次に「3歳でこのくらい」と言って、コテツ様が示したのは腰丈で僕は「え……?」と言葉を無くした。3歳でそのサイズって、だってそれ小学生サイズだよ!?
「父親の獣種にもよるけど大型種だったら5歳くらいでだいたい身長抜かれると思うよ」
「は?! それ絶対嘘ですよね!?」
ちょっと待って、それって成長早すぎない!? 小さく産んで大きく育ってるって出産の標語みたいなもんだけど、さすがにそれは大丈夫なの!?
「嘘じゃないよ、失礼だね。でも、シロウは少し小さいからどうかなぁ……? ジロウさんは普通サイズだから、やっぱりそんな感じだと思うけど」
「本当なんだとしたら、そんな大きな子供、どうやって扱っていいか分からないです、コテツ様……」
「躾は父親の仕事だから大丈夫だよ、私達母親は存分に甘やかして可愛がっていればそれで大丈夫、子供なんてどんどん勝手に育つからね」
えぇ……本当にそんなんで大丈夫なのかな? とても不安になるのは僕が異世界の人間だから? この世界はそうやって成り立っているんだから、きっと大丈夫なんだとは思うけど、すごく不安だよ。
「ただ生まれた子供が半獣人だった場合は、またちょっと大変だと思うけどね」
「え? そうなんですか?」
「獣人の子はそれこそ勝手に育っていくけど、半獣人の子は半分『人』だから、とても弱いんだよ。『人』は中央で守られて、大事に育てられるから弱くてもなんとかなるけど、半獣人の子は『人』でも『獣人』でもないから、保護もないし、勝手に育たないし、育てるのが大変だったって、両親には散々愚痴られたものさ。シリウスは捨て子だって聞いているけど、半獣人の子育ては大変だ、そうやって親に捨てられる事も全くない話じゃない」
そうなんだ、意外……子供を生める半獣人は大事にされているのだと思っていたけど、育てるのはすごく大変なんだ?

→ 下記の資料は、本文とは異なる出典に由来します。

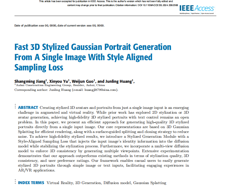 近日,安徽建科總承包分院撰寫(xiě)的《從單個(gè)圖像快速生成具有樣式對(duì)齊采樣損失的3D風(fēng)格化高斯肖像》SCI論文通過(guò)審核,并且在最新一期的IEEE Access期刊上發(fā)表,出版日期為2024年4月23日。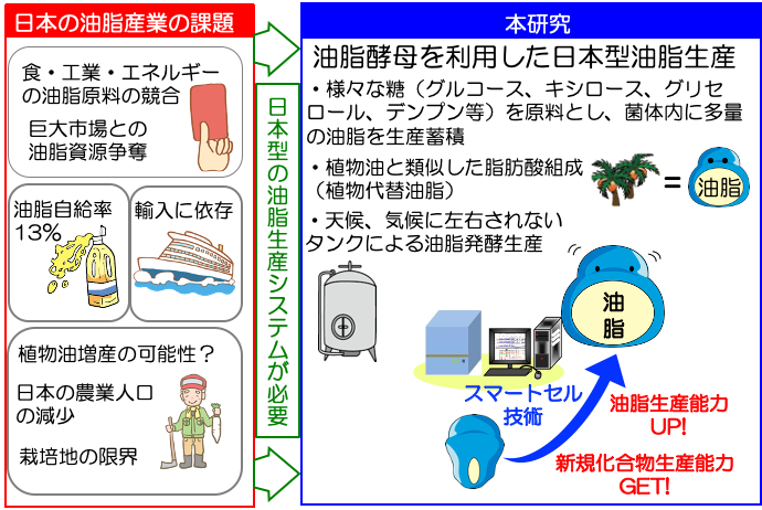 近年、新興国の成長とともにエネルギー、食糧などのあらゆる資源の需要増加に拍車が掛かってきている。このような需要増は、資源争奪戦、価格の乱高下を引き起こし、さらに地球温暖化問題への影響も多大である。このような状況は、我々の生活に深い関係がある油脂についても当てはまり、需要、価格で大きな変動が起こっている。三大栄養素の一つに数え上げられる油脂は、食用用途が多くを占めるが、年間1千億円以上の輸出総額を誇る工業用(界面活性剤、香粧品、高級アルコールの原料等)、さらには燃料用(バイオディーゼル)にも利用され、非常に需要が高い物質である(図1)。しかしながら、日本の油脂自給率はわずか13%であり、今後、食用、工業用、燃料用の油脂原料の競合やアジアの巨大市場との油脂資源の争奪が予想され、日本の安定的な油脂原料の確保は急務である。日本の油脂原料確保法の一つとして、植物油の増産があげられるが、日本の農業人口の減少、海外油脂との価格競争、栽培面積の限界、天候に依存するなど、さらなる植物油の生産増大は困難である。そのため、日本の高い技術力を活かした独自の油脂生産システムが必要となる。日本は、古くから微生物の能力を利用した味噌、醤油、酒などの産業が発展してきており、そのノウハウにより、医薬品、食品、化学メーカーの企業化の発端となってきた。本研究では、油脂生産酵母を最大限利活用することで、日本独自の油脂生産システムの基盤を構築し、自給率向上へ繋げることを目的としている。また、バイオテクノロジー技術だけでなく、情報科学のデジタル技術を融合した【スマートセル技術】を活用し、油脂酵母の油脂生産の潜在能力を引き出し、さらに新しい能力を付与し、健康的な付加価値の高い油脂生産に繋げていく研究を行っている(図2)。
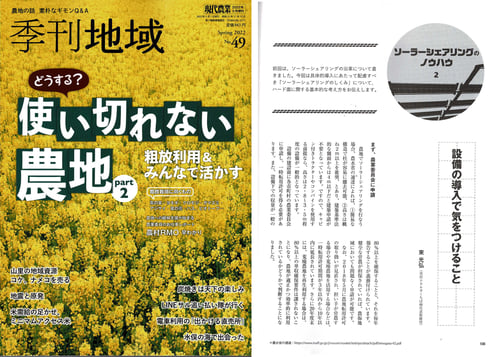 『季刊地域』2022年春 49号(出版:農文協)に、弊社代表・東の執筆記事『ソーラーシェアリングノウハウ2 - 設備の導入で気をつけること』を掲載いただきました。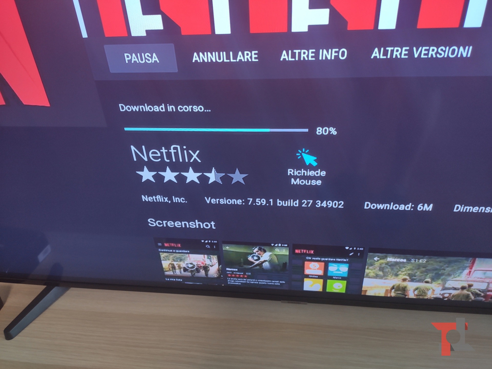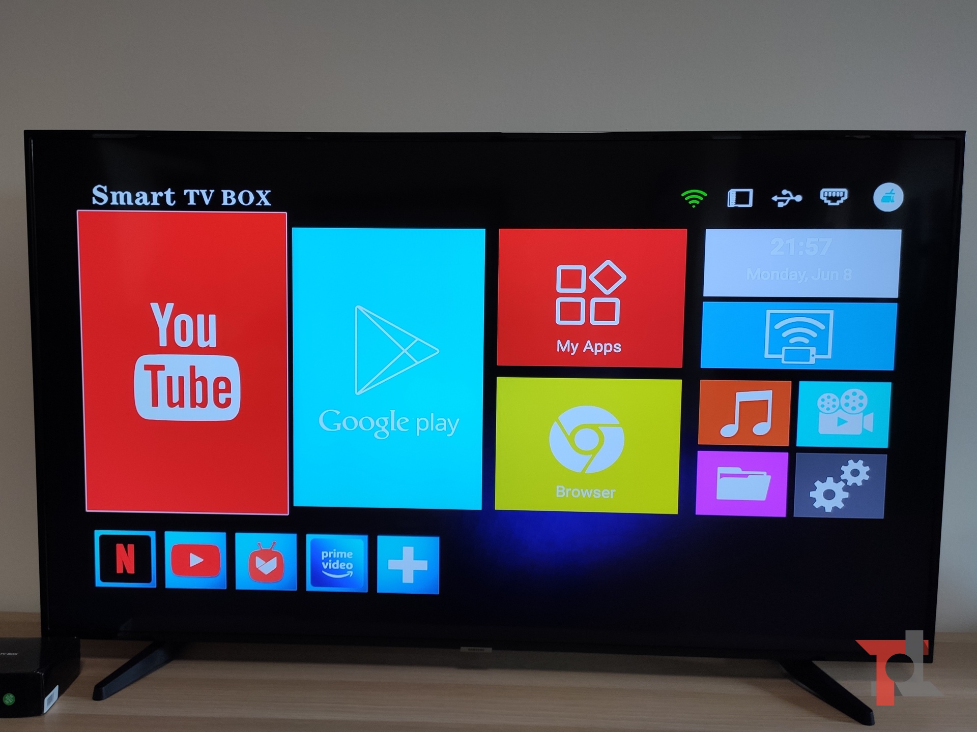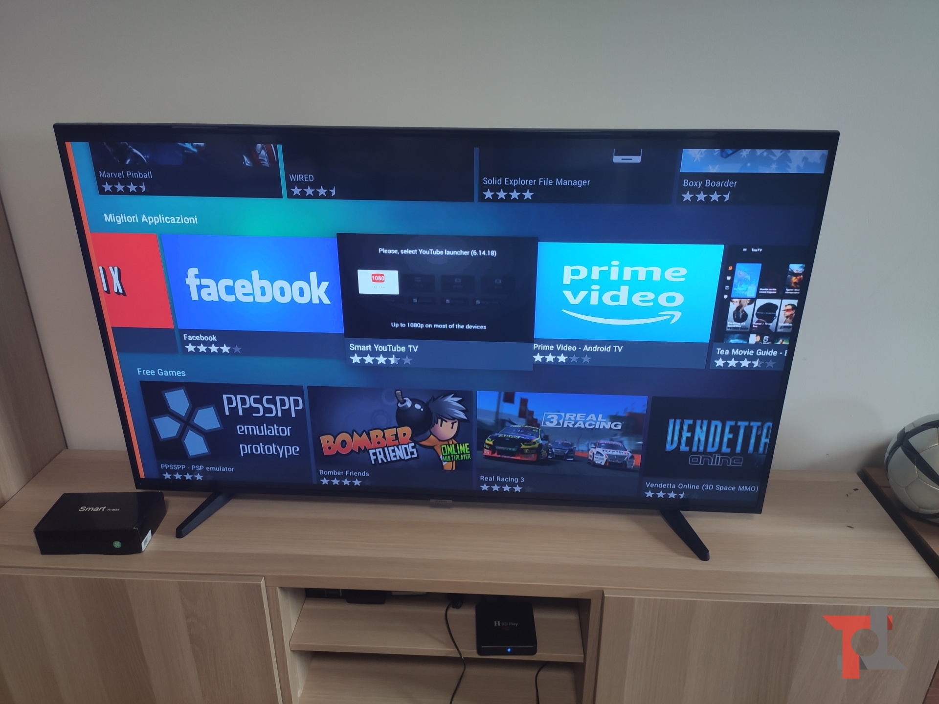 Il fatto che Android sia in versione standard, in sostanza quella presente su smartphone e tablet, è un grosso problema, soprattutto perché l’interfaccia delle applicazioni non è ottimizzata per le TV. Abbiamo provato Netflix e Amazon Prime Video, mentre per altre piattaforme è non stato possibile installare la relativa applicazione.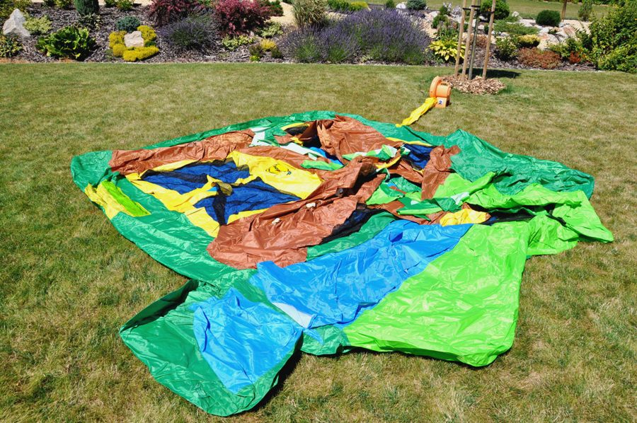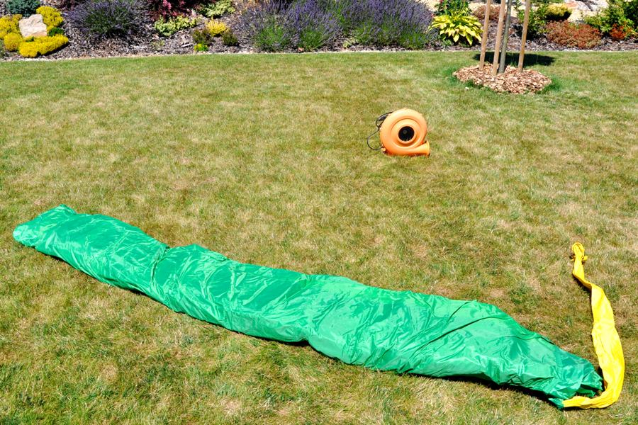 Příprava skákací atrakce Happy Hop je rychlá a jednoduchá. Na žlutý rukáv se připojí fukar suchým zipem a po zapnutí do elektřiny je atrakce nafouknuta a připravena pro děti asi za jednu minutu.

「なにせ半獣人の子は獣人の子と一緒に育つ事が多いから、子供同士の喧嘩やちょっかいでも、ちょっとした力加減ですぐに死ぬからね。同じ月齢でも獣人の子と半獣人の子じゃ育ち方が全然違うんだ、子育てに慣れていないのに半獣人を生んだ『人』の半数は子育てに失敗するって言われているくらいだよ。うちは幸い母が半獣人で、しかも上に獣人の兄弟もいたから、王子様みたいに守られて、なんとか穏便に成人できたけど、半獣人は生きていくのも、なかなか大変なんだよ」
「そんな感じだったからシリウスさんは捨てられたんですか?」
「無くはない話だね。貧しい家で半獣人を育てていくのは本当に大変だよ。だったら裕福な家に拾われて、大事に育ててもらえたら……って、そう思う親御さんもいるんじゃないのかな? シロウも突然シリウスを押し付けられて最初の頃は右往左往していたよ、だけど元来シロウは気の優しい性格だからね、子育てには向いていたんだろうね。ここだけの話シロウは獣人だからあり得ないんだけど、本気でシロウを嫁に欲しいと思っている者も、この町にはいるんだよ」
……ふぁ!? え? ちょ……嫁!? シロさんを!? え? でも、それっておかしくない!?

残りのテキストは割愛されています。